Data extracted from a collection
────────────────────
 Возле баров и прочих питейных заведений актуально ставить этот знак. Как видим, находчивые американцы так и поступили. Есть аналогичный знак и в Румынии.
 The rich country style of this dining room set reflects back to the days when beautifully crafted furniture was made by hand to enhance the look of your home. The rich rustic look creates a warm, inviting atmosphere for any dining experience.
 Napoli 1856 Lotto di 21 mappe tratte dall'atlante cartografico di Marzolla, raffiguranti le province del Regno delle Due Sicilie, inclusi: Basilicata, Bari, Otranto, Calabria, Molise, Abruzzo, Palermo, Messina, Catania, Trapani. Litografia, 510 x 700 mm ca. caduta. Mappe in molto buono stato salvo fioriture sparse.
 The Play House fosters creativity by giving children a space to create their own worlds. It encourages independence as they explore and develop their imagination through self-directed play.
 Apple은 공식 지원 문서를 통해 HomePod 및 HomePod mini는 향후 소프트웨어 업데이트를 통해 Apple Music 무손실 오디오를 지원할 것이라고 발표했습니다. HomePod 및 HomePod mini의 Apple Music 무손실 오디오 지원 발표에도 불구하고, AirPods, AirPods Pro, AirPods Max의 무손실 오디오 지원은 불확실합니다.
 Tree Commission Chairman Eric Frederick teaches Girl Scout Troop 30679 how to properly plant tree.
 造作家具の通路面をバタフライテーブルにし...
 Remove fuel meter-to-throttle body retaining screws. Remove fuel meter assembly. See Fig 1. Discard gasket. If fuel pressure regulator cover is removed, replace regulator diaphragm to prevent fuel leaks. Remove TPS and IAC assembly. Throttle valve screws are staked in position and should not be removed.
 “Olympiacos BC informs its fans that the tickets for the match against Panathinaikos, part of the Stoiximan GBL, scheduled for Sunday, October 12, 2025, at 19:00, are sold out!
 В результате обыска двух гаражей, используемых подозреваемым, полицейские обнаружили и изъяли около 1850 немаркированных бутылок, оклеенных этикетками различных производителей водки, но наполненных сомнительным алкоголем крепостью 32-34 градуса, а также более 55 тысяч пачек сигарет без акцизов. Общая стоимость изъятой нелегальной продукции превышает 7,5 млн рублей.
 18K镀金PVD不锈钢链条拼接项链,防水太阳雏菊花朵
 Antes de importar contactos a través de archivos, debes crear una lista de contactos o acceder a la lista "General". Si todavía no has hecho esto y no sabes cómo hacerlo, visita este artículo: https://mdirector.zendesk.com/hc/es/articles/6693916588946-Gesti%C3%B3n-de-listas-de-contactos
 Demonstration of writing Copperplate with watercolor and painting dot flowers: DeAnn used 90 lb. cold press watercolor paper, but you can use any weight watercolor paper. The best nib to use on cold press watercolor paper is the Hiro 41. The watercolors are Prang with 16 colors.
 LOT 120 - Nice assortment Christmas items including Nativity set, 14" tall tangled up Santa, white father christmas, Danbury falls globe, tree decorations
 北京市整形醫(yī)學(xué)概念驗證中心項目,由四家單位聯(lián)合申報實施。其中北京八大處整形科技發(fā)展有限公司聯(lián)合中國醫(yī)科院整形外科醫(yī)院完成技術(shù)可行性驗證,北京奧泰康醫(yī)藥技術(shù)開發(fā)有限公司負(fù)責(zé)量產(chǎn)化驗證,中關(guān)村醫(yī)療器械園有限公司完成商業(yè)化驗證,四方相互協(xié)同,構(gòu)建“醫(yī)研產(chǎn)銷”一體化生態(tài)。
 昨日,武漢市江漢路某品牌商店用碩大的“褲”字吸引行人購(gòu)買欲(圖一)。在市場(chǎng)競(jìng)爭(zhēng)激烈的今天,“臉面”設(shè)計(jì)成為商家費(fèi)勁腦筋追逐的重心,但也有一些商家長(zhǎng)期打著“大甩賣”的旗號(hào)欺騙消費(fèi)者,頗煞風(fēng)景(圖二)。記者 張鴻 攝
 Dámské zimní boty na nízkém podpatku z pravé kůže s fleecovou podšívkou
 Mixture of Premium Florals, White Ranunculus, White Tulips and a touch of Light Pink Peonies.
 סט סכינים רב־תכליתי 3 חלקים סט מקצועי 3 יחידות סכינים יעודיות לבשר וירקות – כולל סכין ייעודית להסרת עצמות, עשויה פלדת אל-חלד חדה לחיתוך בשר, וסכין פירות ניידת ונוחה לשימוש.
────────────────────
§ What needs to be done
Lines holding the word "tree" are the answer; copy every one from the records above.

§ Solution to this task
 Tree Commission Chairman Eric Frederick teaches Girl Scout Troop 30679 how to properly plant tree.
 LOT 120 - Nice assortment Christmas items including Nativity set, 14" tall tangled up Santa, white father christmas, Danbury falls globe, tree decorations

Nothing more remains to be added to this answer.